Therefore, INDEX(A1:B2, ...)
always calls the "reference form" of the INDEX()
fucntion, never the "array form".
As pointed out by @Rory in the comments, there is a minor difference in the documentation between the two forms: in the "array form", the column_num
parameter is optional for a 2D range ("2D" meaning > 1 row, > 1 column).

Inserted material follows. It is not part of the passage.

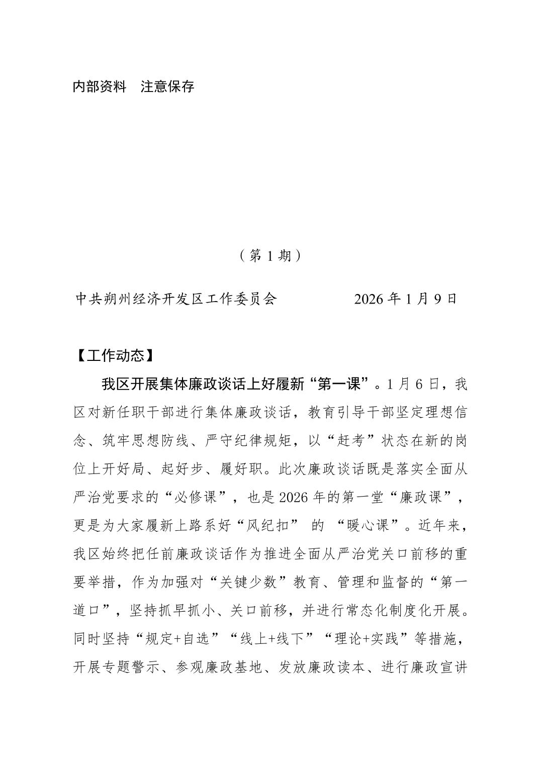 2026年朔州经济开发区政务信息第一期

This is not the case for the "reference form".
This explains why, in this unique case of a 2D reference with an omitted column_num
, a #REF!
error is returned, whereas the equivalent call on a literal array (or an in-memory cell range) succeeds because the "array form" supports this.
Examples:
=INDEX(A1:B2, 0) : fails (reference form; col_num is required for a 2D reference)
=INDEX(A1:B2, 0, ) : succeeds (reference form; the comma means that col_num is present, even though 'missing')
=INDEX({1, 2; 3, 4}, 0) : succeeds (array form; col_num is optional for a 2D array)
=INDEX(INDEX(A1:B2, 0, 0), 0) : fails (a _reference_ is passed to the outer INDEX() call)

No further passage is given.